Work instruction
Retype the entries, please, from their first line to the line containing "In its new construction", exactly and only those lines, minus the pictures.
____
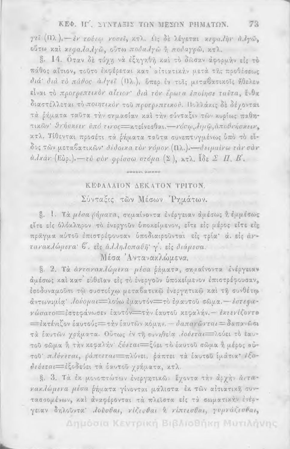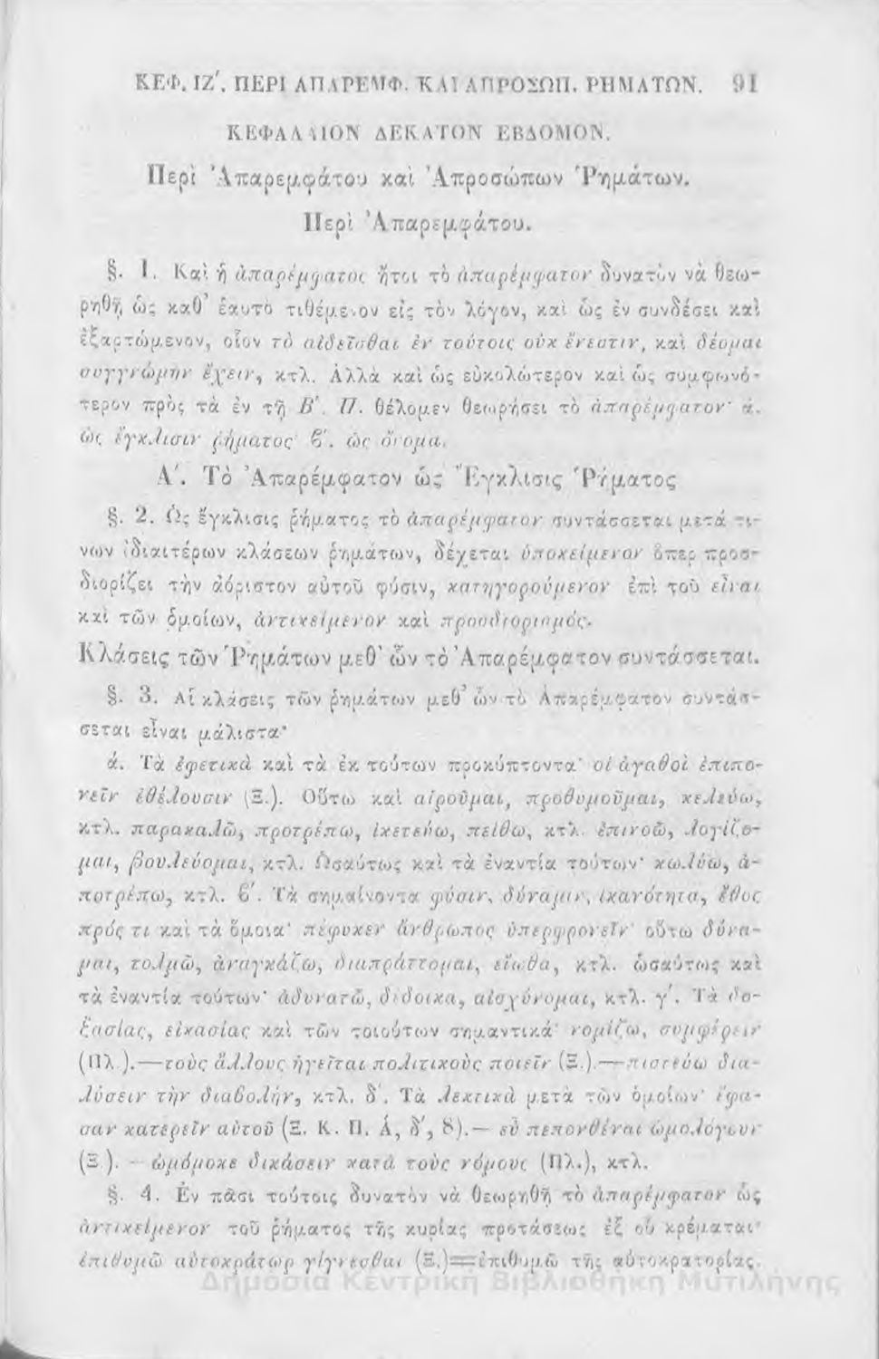 Βαθμίδα εκπαίδευσης: Δευτεροβάθμια Μάθημα: Νέα Ελληνικά Γλώσσα: Καθαρεύουσα |
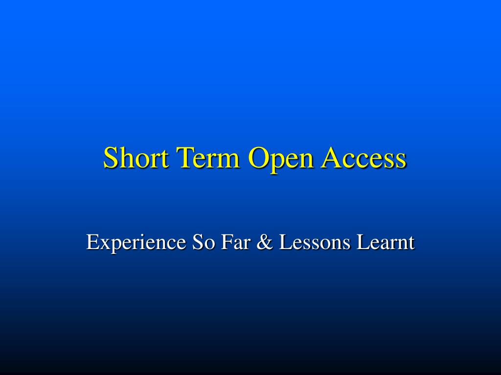 Short Term Open Access Experience So Far & Lessons Learnt
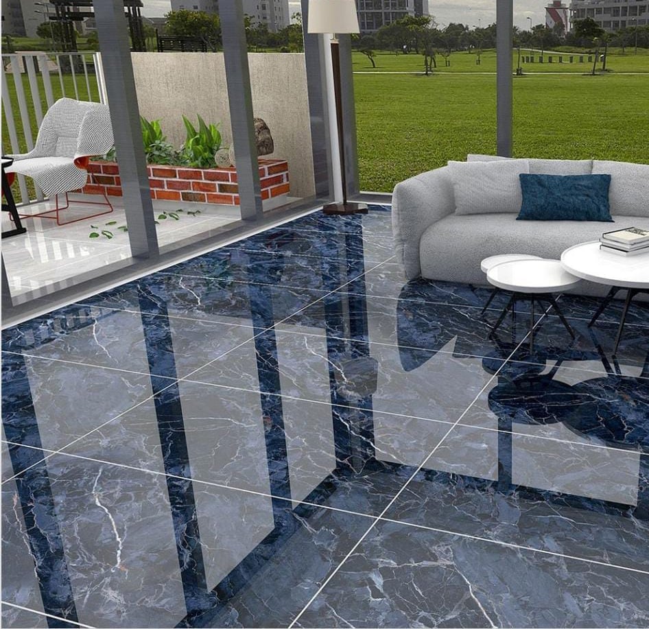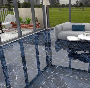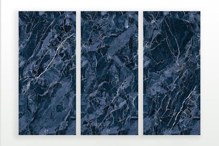 Aesthetic: Dramatic, high-contrast dark blue marble look with a brilliant, polished finish.
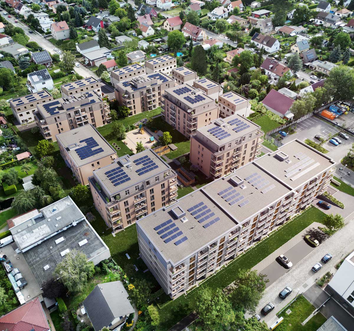 In its new construction and refurbishment projects, Vonovia meticulously ensures optimized energy design and utilizes renewable energies. This is achieved, for example, through adherence to the German Efficiency House standard or the new-build criteria of the Austrian 'klimaaktiv Pakt' initiative.
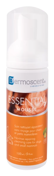 Dermoscent Essential Mousse®包含麻油,該麻油富含必需脂肪酸(Ω3和6),花生米精油,地衣提取物和南瓜籽衍生的舒緩劑。清潔基料的配方包含皂角木根提取物和來自青蘋果的脂氨基酸
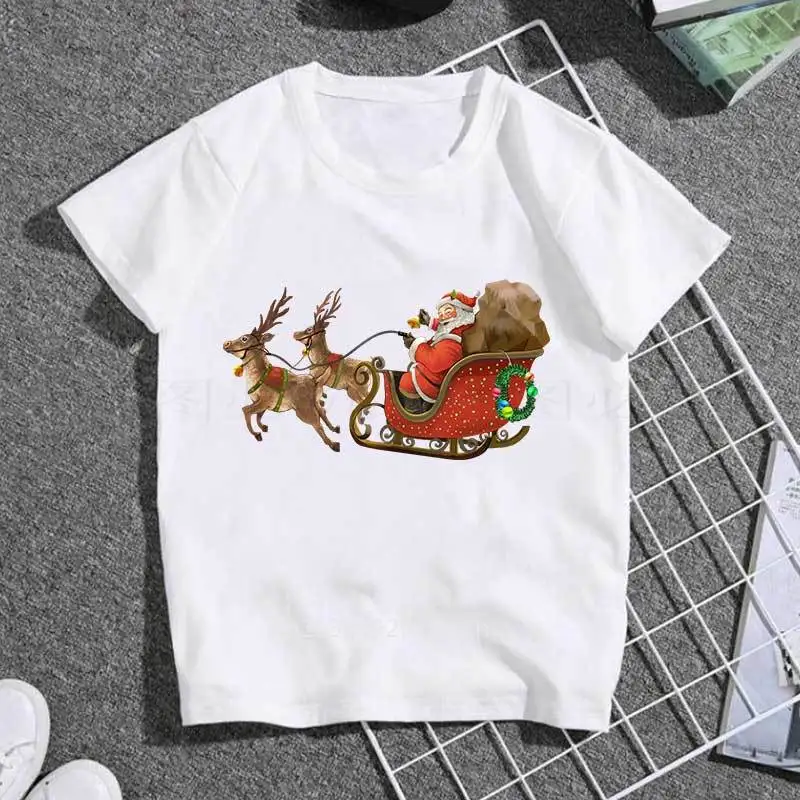 Детская футболка с принтом Санта Клауса и оленей, с коротким рукавом
____
Response box
 Βαθμίδα εκπαίδευσης: Δευτεροβάθμια Μάθημα: Νέα Ελληνικά Γλώσσα: Καθαρεύουσα |
 Short Term Open Access Experience So Far & Lessons Learnt
 Aesthetic: Dramatic, high-contrast dark blue marble look with a brilliant, polished finish.
 In its new construction and refurbishment projects, Vonovia meticulously ensures optimized energy design and utilizes renewable energies. This is achieved, for example, through adherence to the German Efficiency House standard or the new-build criteria of the Austrian 'klimaaktiv Pakt' initiative.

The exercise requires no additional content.